Any picture in the listing is left out of the copy; all else is duplicated exactly.
***** Supplied data *****
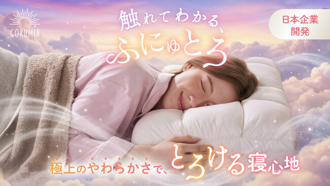 【GOKUMIN】“枕難民”に寄り添う新発想。髪の毛より細い極細繊維を採用した、“とろける沈み込み”をかなえる「ふにゅとろまくら」を新発売
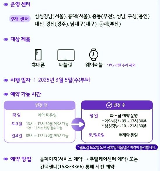 27일 삼성전자서비스에 따르면 주말 케어 센터는 다음 달 5일부터 토요일과 일요일에 제공하던 예약 서비스를 평일(화요일∼금요일)까지 확대 운영한다.
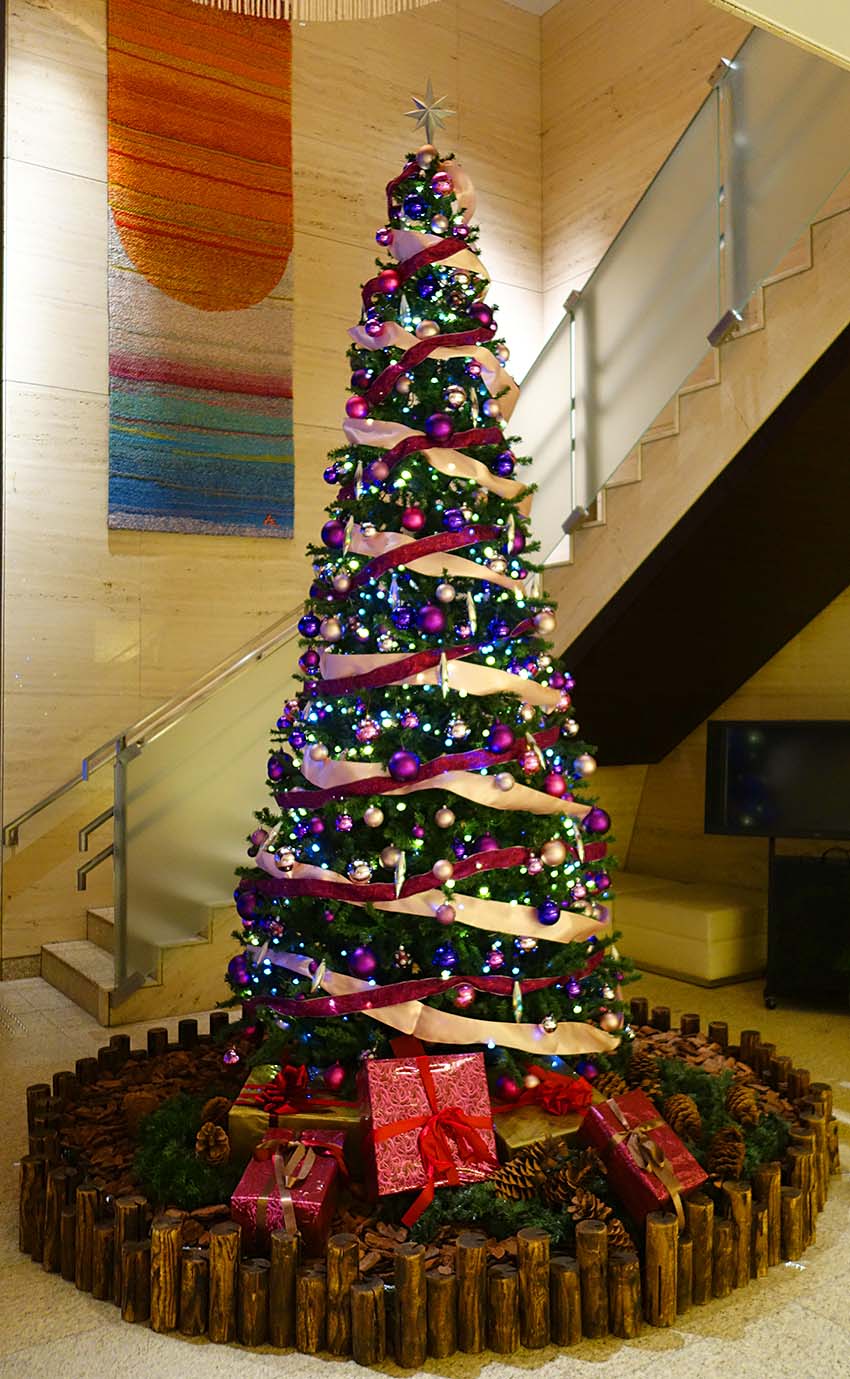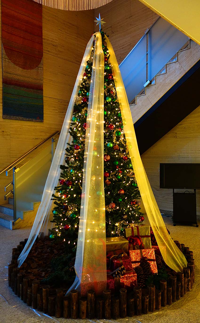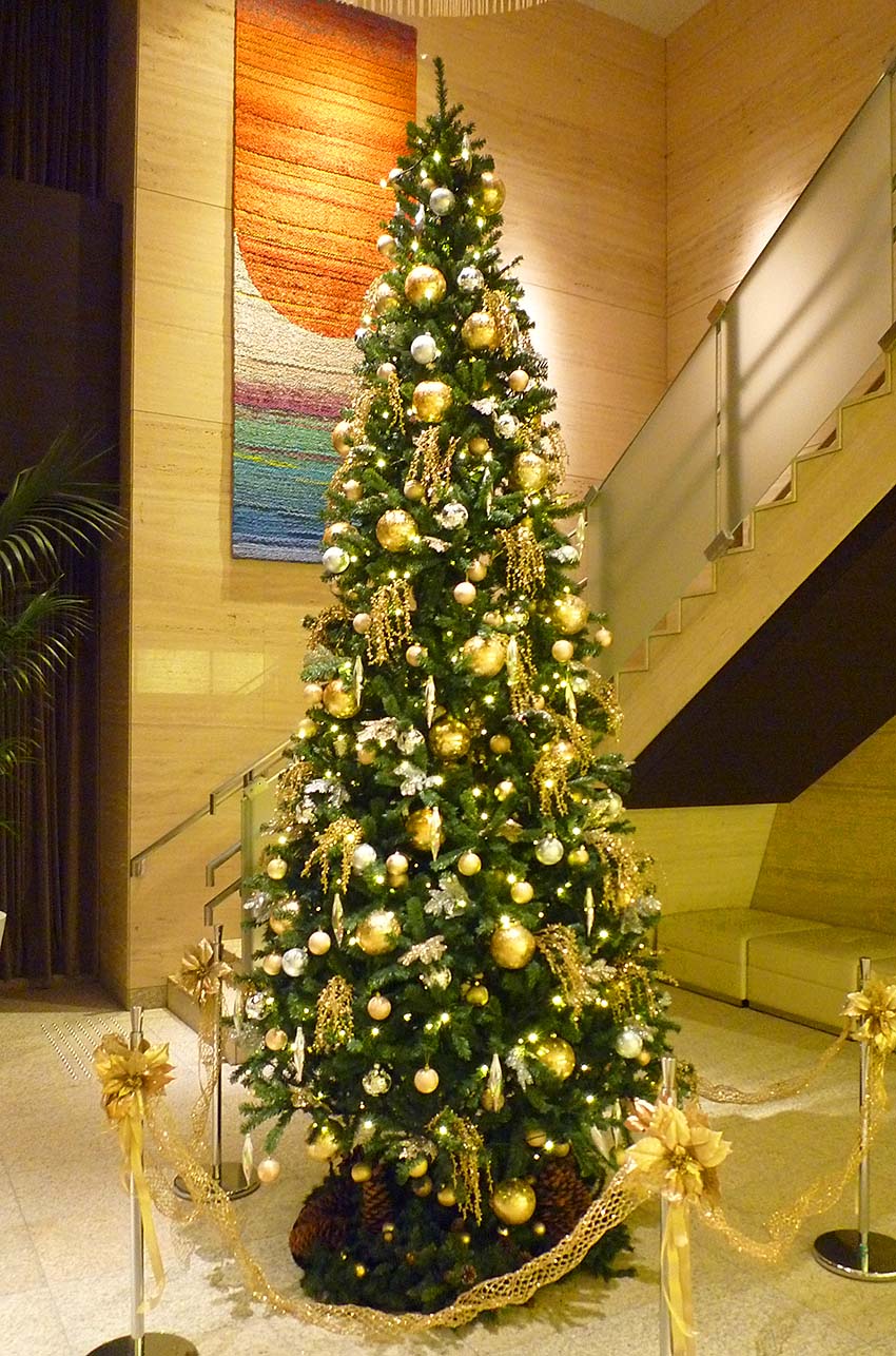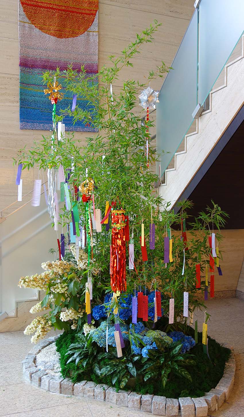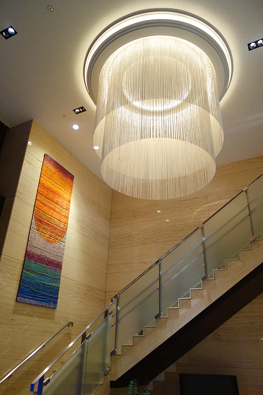 3階へ昇る階段の壁面に掛けられている布製のタピストリーは、山岸柾史氏による「陽輝く」という名の作品です。
*****
▶ [Written solution]
 【GOKUMIN】“枕難民”に寄り添う新発想。髪の毛より細い極細繊維を採用した、“とろける沈み込み”をかなえる「ふにゅとろまくら」を新発売
 27일 삼성전자서비스에 따르면 주말 케어 센터는 다음 달 5일부터 토요일과 일요일에 제공하던 예약 서비스를 평일(화요일∼금요일)까지 확대 운영한다.
 3階へ昇る階段の壁面に掛けられている布製のタピストリーは、山岸柾史氏による「陽輝く」という名の作品です。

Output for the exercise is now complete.